The cotton market sloughed off triple-digit losses to close positively Tuesday. Its recovery was inspired by uplifts in several outside markets, including the grains, the energies, the metal, and the stock index futures. Also, the lower U.S. dollar helped encourage inflation-sensitive markets higher as well.
Chart wise, cotton remains in a steep uptrend, but does face fundamental resistance from the unfolding harvest and a reduced net-long speculative position. Additionally, traders are becoming wary of China’s economic health and its blatant provocative actions against Taiwan and the United States.

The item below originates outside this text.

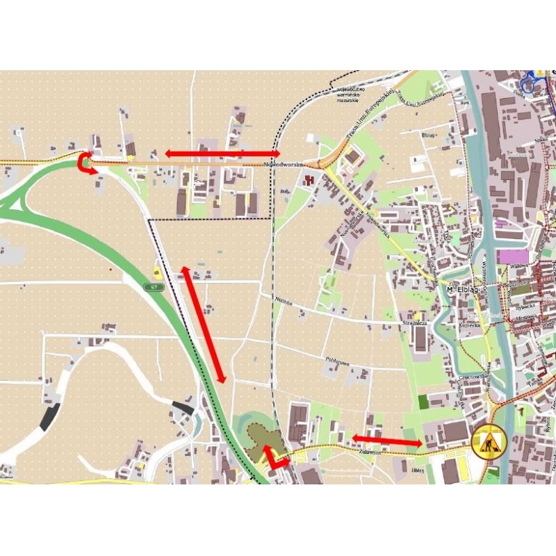 W dalszym ciągu na przedmiotowym skrzyżowaniu ruch odbywać się będzie jak na zwykłym skrzyżowaniu z podporządkowanym wlotem ul. Żuławskiej. Ruch na skrzyżowaniu odbywać się będzie zgodnie z przedstawionym schematem. Zarząd Dróg przypomina, że możliwy i zalecany (w szczególności dla mieszkańców północnych dzielnic miasta) jest alternatywny dojazd do ul. Żuławskiej tj. ulicą Nowodworską, przez rondo na węźle Elbląg Zachód i drogą serwisową wzdłuż S7 na ul. Żuławską.

The U.S. harvest is progressing, but is below its 10-year pace. A few Texas growers informed us that their early dryland yields are running three-fourths to a full bale per acre. They plan on hitting the irrigated fields late next week. However, there was a drop in temperatures early this week, causing some low-lying cotton fields to be nipped a bit.
Traders will be interested in this week’s export sales, perhaps more than usual. Of late, China has greatly slowed its buying spree and that is cause for concern. Of course, part of its hesitancy is the global shipping crisis, plus it’s gathering its own crop.

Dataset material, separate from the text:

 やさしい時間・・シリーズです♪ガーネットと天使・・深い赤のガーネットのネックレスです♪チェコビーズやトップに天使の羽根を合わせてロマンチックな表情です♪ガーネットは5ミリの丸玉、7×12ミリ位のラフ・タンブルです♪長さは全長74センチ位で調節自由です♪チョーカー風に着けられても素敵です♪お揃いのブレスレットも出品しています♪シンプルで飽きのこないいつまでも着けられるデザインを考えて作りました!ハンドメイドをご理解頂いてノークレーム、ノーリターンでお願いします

We note that cumulative sales for 2021-22 have reached 7.617 million, well below the five-year average of 7.844 million bales. Sales have reached 52% of USDA’s forecast compared to the five-year average of 55% for this time of year.
For Tuesday, December settled at 107.13 cents, up 0.79 cent, March ended at 105.84, plus 0.89 cent and December 2022 ended at 90.88 cents, 0.50 cent higher; estimated volume was 25,328 contracts.